I came across a story by Ken Blanchard today that I really connected with.

Ken tells of the time when he was a college professor, he was always in trouble because he gave the final exam out the first day of class. When the faculty questioned him about that, he told them that not only would he share the final exam at the beginning of the semester, but he would also teach them the answers, so that when his students got to the final exam, they’d get As.

I love this philosophy. As part of my mission to help create great leaders and empowering workplaces, in addition to courses on emotional intelligence, customer service excellence and organisational culture change, I deliver and assess certification programs on project and frontline management. In these programs, my goal is always to help my students complete with flying colours.

It’s not about giving them the answers, but I always ensure they first start with a clear end in mind.
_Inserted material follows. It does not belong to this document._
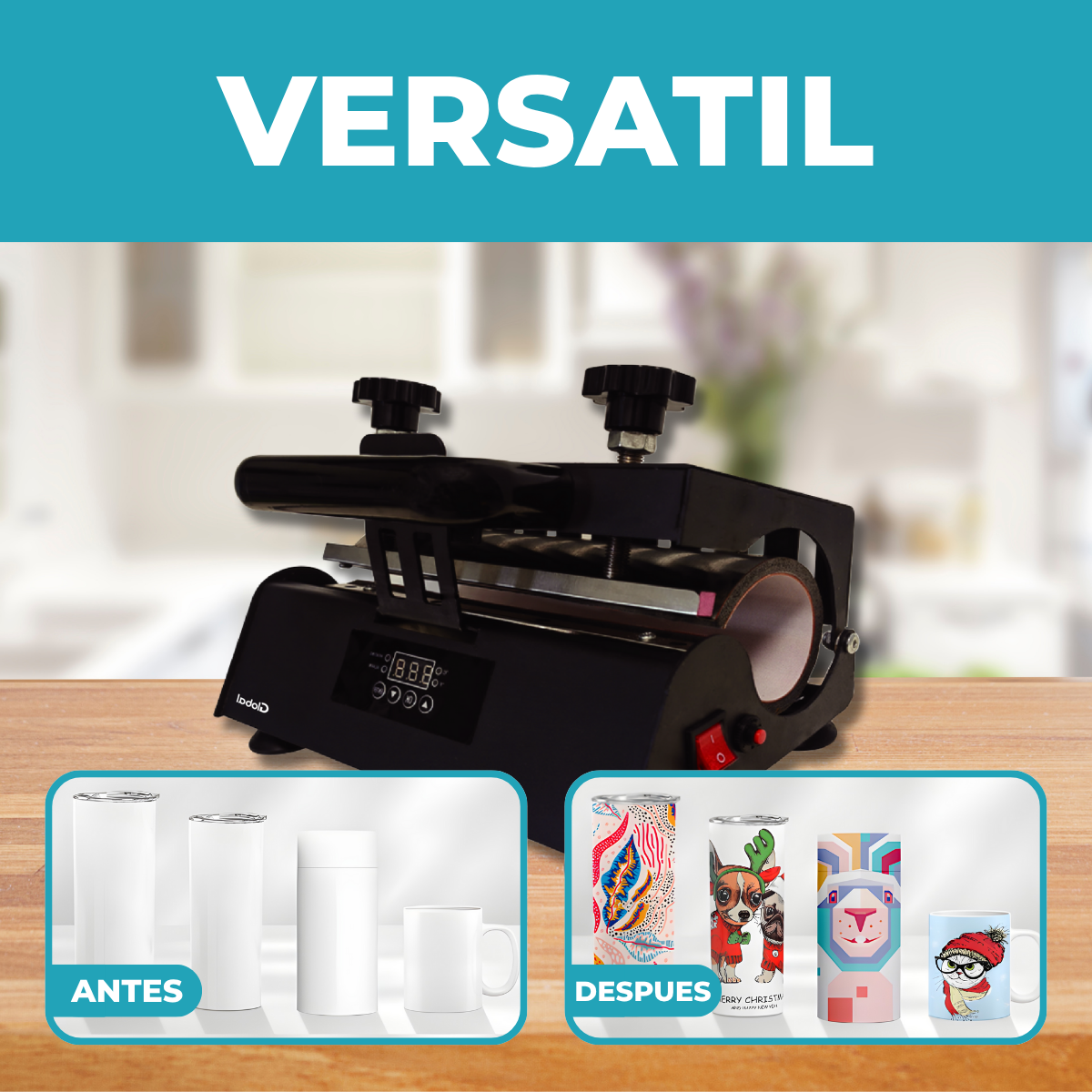 Su diseño robusto y versátil soporta tamaños de hasta 30 oz, ideal para tazas, termos y otros artículos personalizados.

We then work hard together to ensure that they understood the material and had the confidence and motivation to apply what they’d learned for an even better outcome in their jobs and in their lives.

I also believe that if all managers were to adopt this philosophy with their staff at work, not only would their staff and business stand to be more successful, but they would also create an environment that’s high on staff engagement.

When Ken shared his story with Garry Ridge, President/CEO of WD-40 Company, Garry was moved to change the culture at WD-40 Company by implementing a business philosophy he called “Don’t Mark My Paper, Help Me Get an A.” As a result of this program, in 2010 WD-40 Company had the greatest financial year in the history of the company. At the same time, they handed out an internal employee satisfaction survey, which 98 percent of their people (over 60 nations) filled out. The results were overwhelmingly positive.

One survey statement said: “At WD-40 Company, I am treated with respect and dignity.” Over 98.7 percent said “true” to that statement.

I hope this inspires you as much as it does me!

Here are few reflections for you today:

  1. How clear is your staff or project team member about your expectations of the results you expect them to deliver and the behaviours you expect them to exhibit that give them an “A” grading at the end of year or project performance appraisal?
  2. Are you both clearly aligned on these expectations?
  3. How well is your staff member tracking relative to such expectations?
  4. How effective are you in giving them feedback on what’s working well and what’s not to ensure that they stay on the road to success?

So today, decide to either make or reaffirm a commitment to helping make your staff member a resounding success by aligning on expectations and proactively providing them with effective feedback and coaching to keep them on track!